A new computer model that uses machine learning and de-identified and aggregated search and location data from logged-in Google users was significantly more accurate in identifying potentially unsafe restaurants when compared with existing methods of consumer complaints and routine inspections, according to new research led by Google and Harvard T.H. Chan School of Public Health. The findings indicate that the model can help identify lapses in food safety in near real time.
“Foodborne illnesses are common, costly, and land thousands of Americans in emergency rooms every year. This new technique, developed by Google, can help restaurants and local health departments find problems more quickly, before they become bigger public health problems,” said corresponding author Ashish Jha, K.T. Li Professor of Global Health at Harvard Chan School and director of the Harvard Global Health Institute.
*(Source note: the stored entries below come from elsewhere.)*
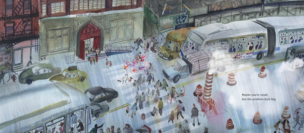 So begins a young girl’s journey to solve a problem she notices one rainy day while walking to school. In that moment, the small spark inside her grows and then connects her to others who are inspired to make a change and help the world become a better place.
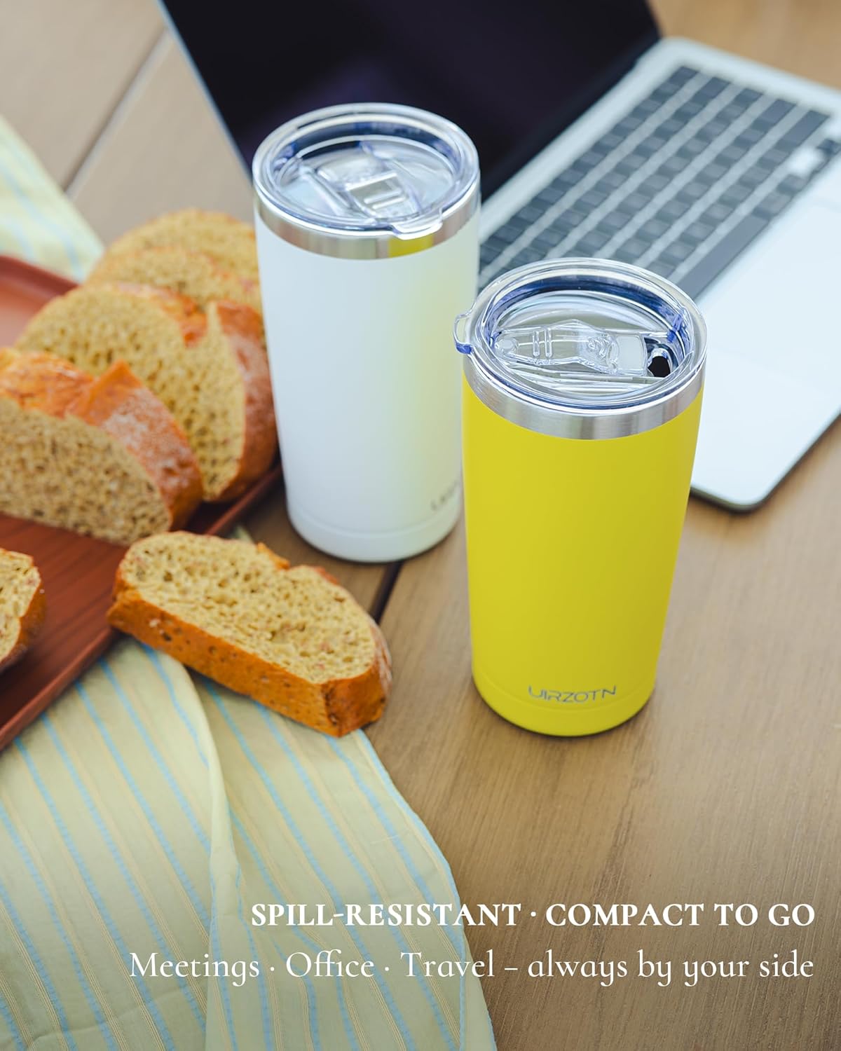 Travel Coffee Tumbler 20oz, Leakproof Travel Coffee Mug with Lid and Straw, Stainless Steel Double Wall Vacuum Insulated Tumbler for Hot/Iced Drinks (Textured Matte, White)
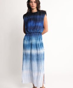 - Pleated gradient print sleeveless midi dress.
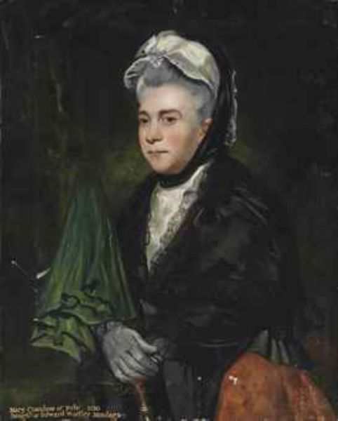 | Portrait of Mary Stuart (1718-1794), Countess of Bute, half-length, with a blue wrap and lace cap, holding an umbrella in her ri | |

The study was published online Nov. 6 in npj Digital Medicine.
Foodborne illnesses are a persistent problem in the U.S. and current methods by restaurants and local health departments for determining an outbreak rely primarily on consumer complaints or routine inspections. These methods can be slow and cumbersome, often resulting in delayed responses and further spread of disease.
To counter these shortcomings, Google researchers developed a machine-learned model and worked with Harvard to test it in Chicago and Las Vegas. The model works by first classifying search queries that can indicate foodborne illness, such as “stomach cramps” or “diarrhea.” The model then uses de-identified and aggregated location history data from the smartphones of people who have opted to save it, to determine which restaurants people searching those terms had recently visited.
Health departments in each city were then given a list of restaurants that were identified by the model as being potential sources of foodborne illness. The city would then dispatch health inspectors to these restaurants, though the health inspectors did not know whether their inspection was prompted by this new model or traditional methods. During the period of the study, health departments continued to follow their usual inspection procedures as well.
In Chicago, where the model was deployed between November 2016 and March 2017, the model prompted 71 inspections. The study found that the rate of unsafe restaurants among those detected by the model was 52.1 percent compared with 39.4 percent among inspections triggered by a complaint-based system.
Interestingly, the study showed that in 38 percent of all cases identified by this model, the restaurant potentially causing foodborne illness was not the most recent one visited by the person who was searching keywords related to symptoms. The authors said this is important because previous research has shown that people tend to blame the last restaurant they visited and therefore may be likely to file a complaint for the wrong restaurant.